An exact copy of the data is required. No picture may appear in it.

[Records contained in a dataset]
***

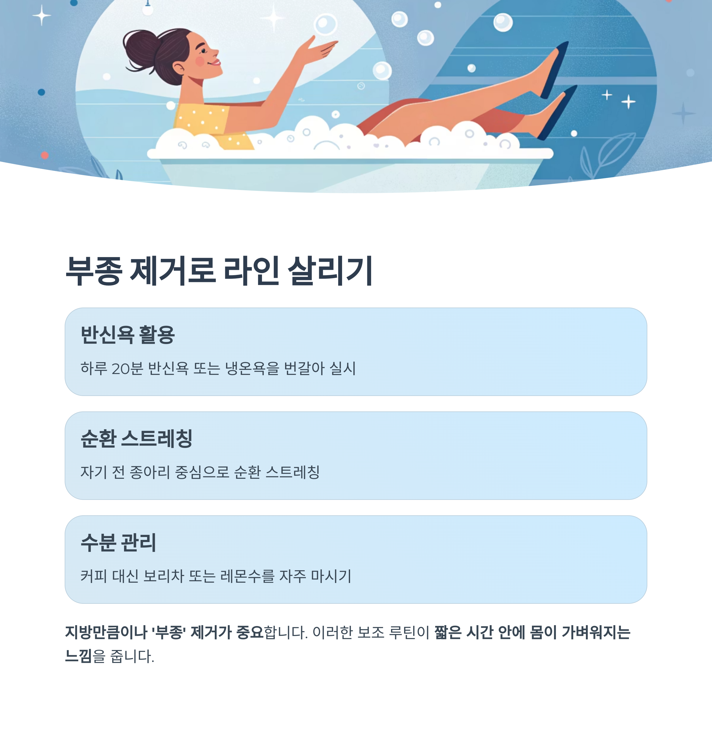 | 생활 습관 | 수분, 수면, 스트레스 관리 | 노폐물 배출 촉진, 호르몬 밸런스 유지 |
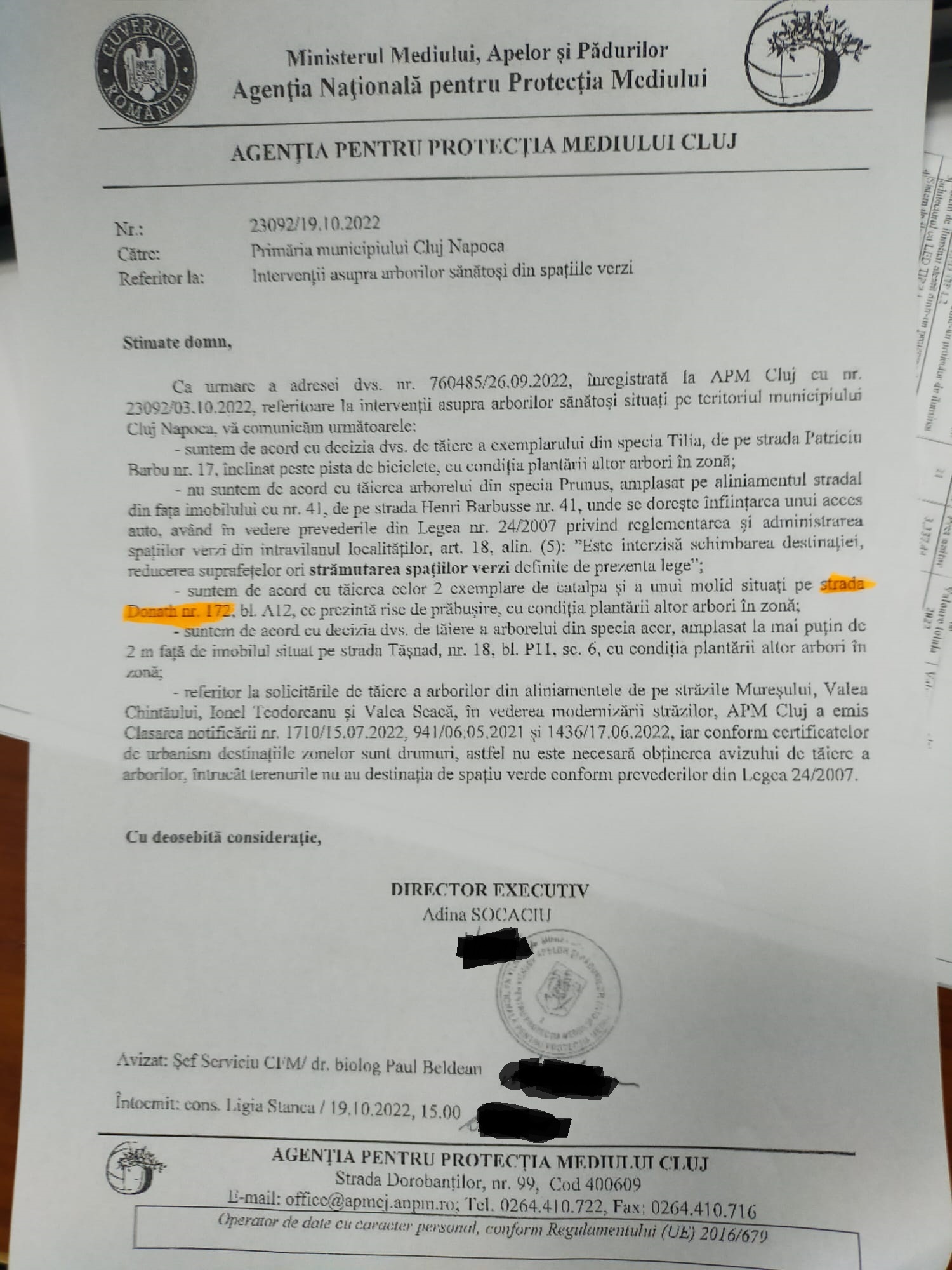 Nota bene: în adresa APM Cluj (mai jos) se menționează de plantare a altor copaci în locul celor tăiați, ca și condiție a tăierii. Să nu credeți că s-a plantat ceva!
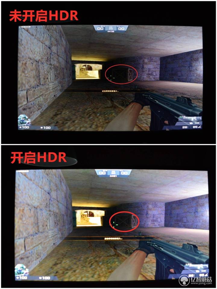 小泽之前显示器的评测文章中曾经展示过HDR功能对于FPS游戏画面的增益效果,由于对比度提高,对阴影部分的细节刻画更好,实战中也更加容易发现隐藏在阴影下的敌人,再也不用担心游戏伏地魔了。
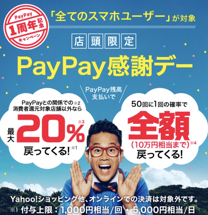 明日はPayPayで20%キャッシュバック💕 明日はPayPay感謝デーで、お買い上げ金額の20パーセントがキャッシュバックされます💕 更にーーーっ50回に1回は全額が戻ってくるという、大変お得なキャンペーンです💕 ぜひこのチャンスを生かしてくださいませーーー💕😃🎉🙌 2019年10月4日
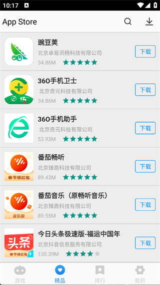 App Store是一款面向安卓用户的综合型应用商店,集应用、游戏下载于一体,内置海量正版资源,覆盖游戏、影音、工具、社交、学习等多个领域。软件支持多线程高速下载并提供清晰的游戏分类、精品推荐、新品榜及热门排行,帮助用户高效发现优质应用,同时配有精选评论内容,兼顾实用性与参考价值,是一款功能完善、体验友好的国内安卓应用分发平台。
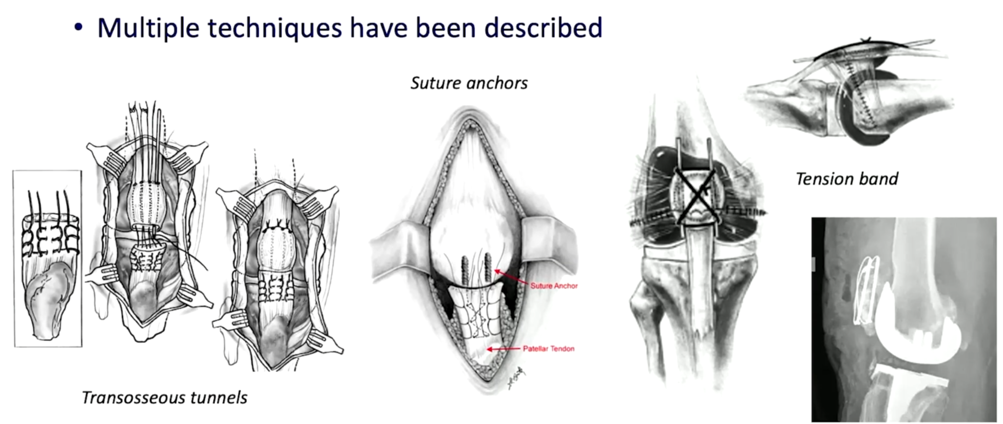 아래와 같은 방식으로 여러가지 수술을 시행해 볼 수 있습니다. (ORIF, 뼈와 근육을 연결한 부위를 채취하여 기존의 patella 부분과 tibia 부분을 연결하도록 꼬매서 폄근육을 재건하는 경우, Suture anchor를 이용해서 repair 하는 경우, K-wire를 이용한 tension band wiring을 시행해 볼 수 있습니다.)
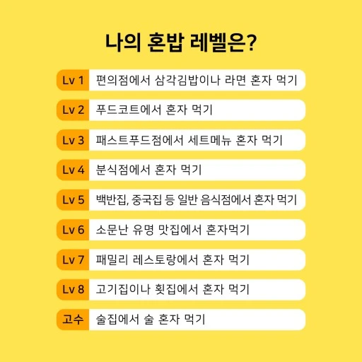 몇 년 동안의 혼밥 경험으로 나의 혼밥 레벨은 5단계까지 상승했다. 웬만한 식당에선 혼밥이 어렵지 않게 됐다. 그래도 6단계인 맛집은 가족, 친구와 함께 하고 싶다. 맛있는 음식은 사랑하는 사람들과 함께.
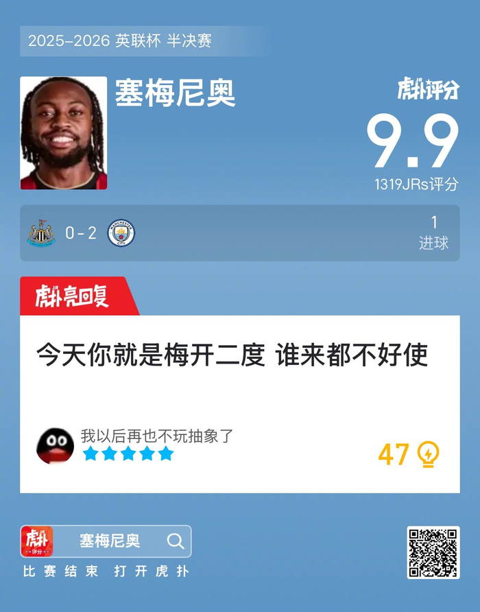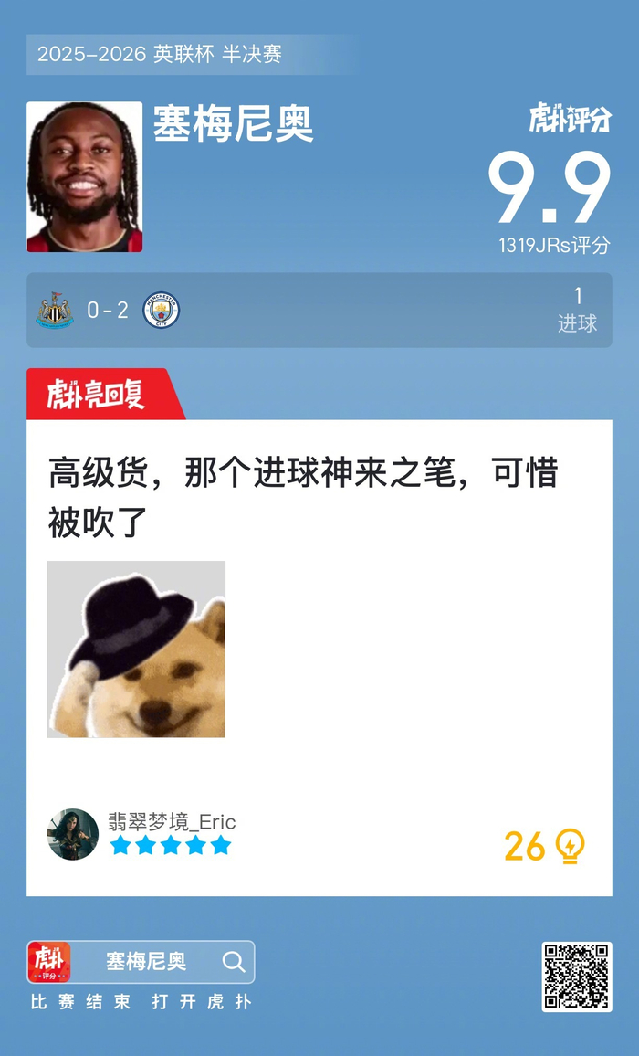 #纽卡斯尔联0比2曼城# 塞梅尼奥打进一球,赛后收获9.9的虎扑评分! 这表现你们怎么吹?
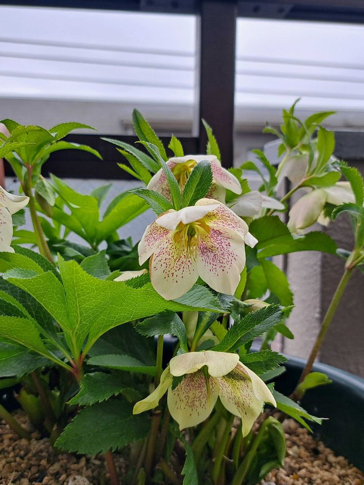 狭いベランダなので、バラ花が好きとクリスマスローズがメイン。春になって気温が上がると蘭たちもベランダに集結です。
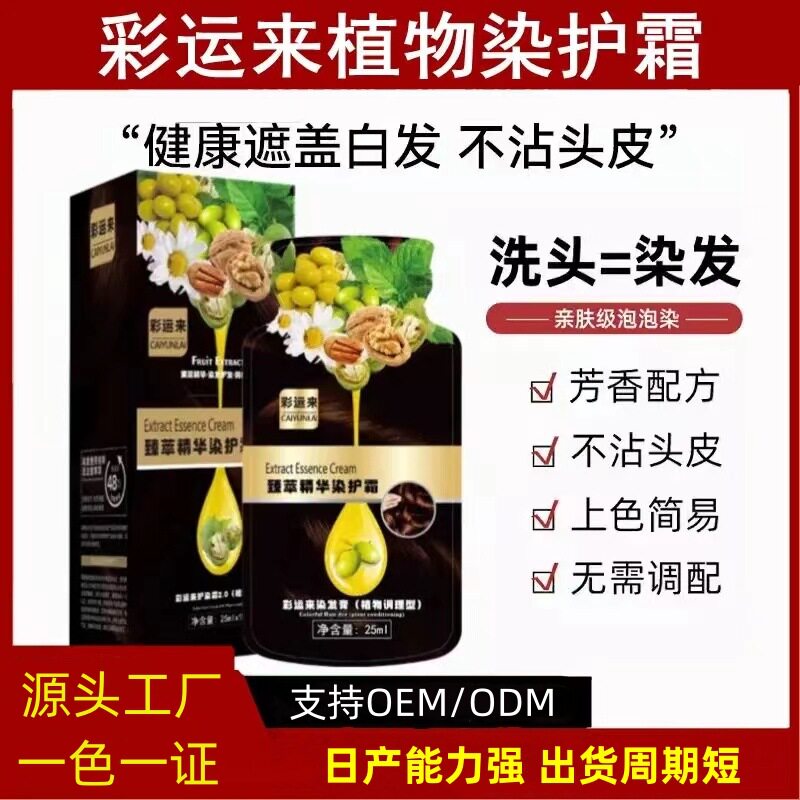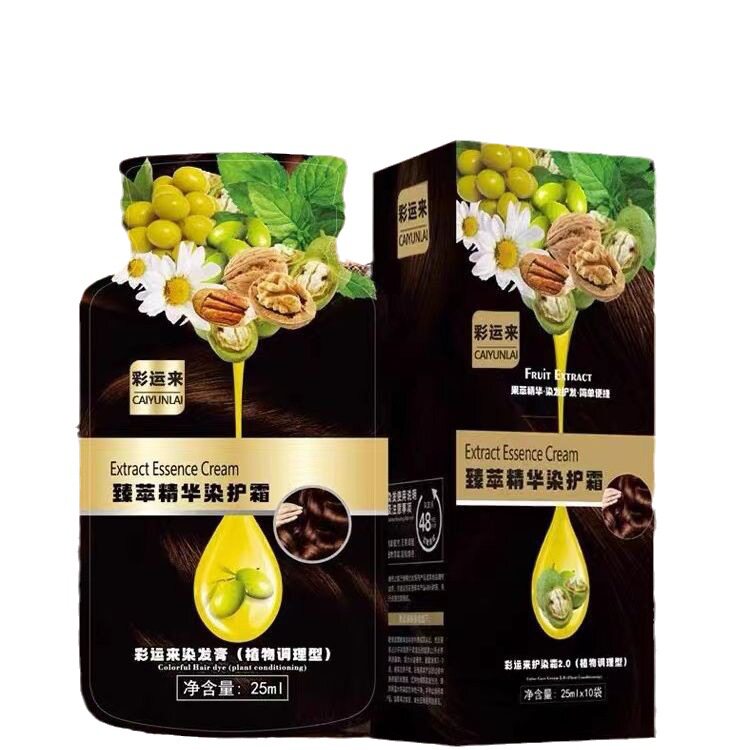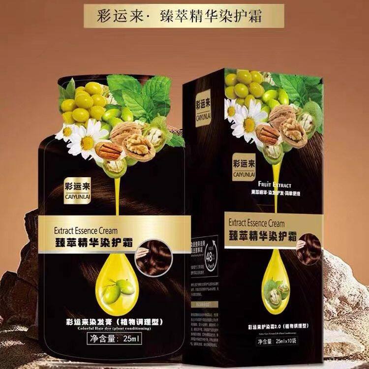 📚 彩运来植萃染发剂植物亲肤级染发膏袋装免票自己在家染彩色盖白发
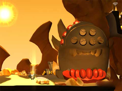 第六关的最后一关已经过了,接下来,只要过了整个游戏的最终关卡就行了。过了大树的关卡之后,会自动传送到Boss面前。Boss一开始会向你扔石头,不要着急,这个还是比较容易躲的,等Boss扔了三次石头的时候戴上面具,用太阳射线照射眼睛的部分,另一边眼睛也一样,要等扔三次石头。两边的眼睛都射瞎之后,会变成气球掉下来。

***

-- Task answer --
 | 생활 습관 | 수분, 수면, 스트레스 관리 | 노폐물 배출 촉진, 호르몬 밸런스 유지 |
 Nota bene: în adresa APM Cluj (mai jos) se menționează de plantare a altor copaci în locul celor tăiați, ca și condiție a tăierii. Să nu credeți că s-a plantat ceva!
 小泽之前显示器的评测文章中曾经展示过HDR功能对于FPS游戏画面的增益效果,由于对比度提高,对阴影部分的细节刻画更好,实战中也更加容易发现隐藏在阴影下的敌人,再也不用担心游戏伏地魔了。
 明日はPayPayで20%キャッシュバック💕 明日はPayPay感謝デーで、お買い上げ金額の20パーセントがキャッシュバックされます💕 更にーーーっ50回に1回は全額が戻ってくるという、大変お得なキャンペーンです💕 ぜひこのチャンスを生かしてくださいませーーー💕😃🎉🙌 2019年10月4日
 App Store是一款面向安卓用户的综合型应用商店,集应用、游戏下载于一体,内置海量正版资源,覆盖游戏、影音、工具、社交、学习等多个领域。软件支持多线程高速下载并提供清晰的游戏分类、精品推荐、新品榜及热门排行,帮助用户高效发现优质应用,同时配有精选评论内容,兼顾实用性与参考价值,是一款功能完善、体验友好的国内安卓应用分发平台。
 아래와 같은 방식으로 여러가지 수술을 시행해 볼 수 있습니다. (ORIF, 뼈와 근육을 연결한 부위를 채취하여 기존의 patella 부분과 tibia 부분을 연결하도록 꼬매서 폄근육을 재건하는 경우, Suture anchor를 이용해서 repair 하는 경우, K-wire를 이용한 tension band wiring을 시행해 볼 수 있습니다.)
 몇 년 동안의 혼밥 경험으로 나의 혼밥 레벨은 5단계까지 상승했다. 웬만한 식당에선 혼밥이 어렵지 않게 됐다. 그래도 6단계인 맛집은 가족, 친구와 함께 하고 싶다. 맛있는 음식은 사랑하는 사람들과 함께.
 #纽卡斯尔联0比2曼城# 塞梅尼奥打进一球,赛后收获9.9的虎扑评分! 这表现你们怎么吹?
 狭いベランダなので、バラ花が好きとクリスマスローズがメイン。春になって気温が上がると蘭たちもベランダに集結です。
 📚 彩运来植萃染发剂植物亲肤级染发膏袋装免票自己在家染彩色盖白发
 第六关的最后一关已经过了,接下来,只要过了整个游戏的最终关卡就行了。过了大树的关卡之后,会自动传送到Boss面前。Boss一开始会向你扔石头,不要着急,这个还是比较容易躲的,等Boss扔了三次石头的时候戴上面具,用太阳射线照射眼睛的部分,另一边眼睛也一样,要等扔三次石头。两边的眼睛都射瞎之后,会变成气球掉下来。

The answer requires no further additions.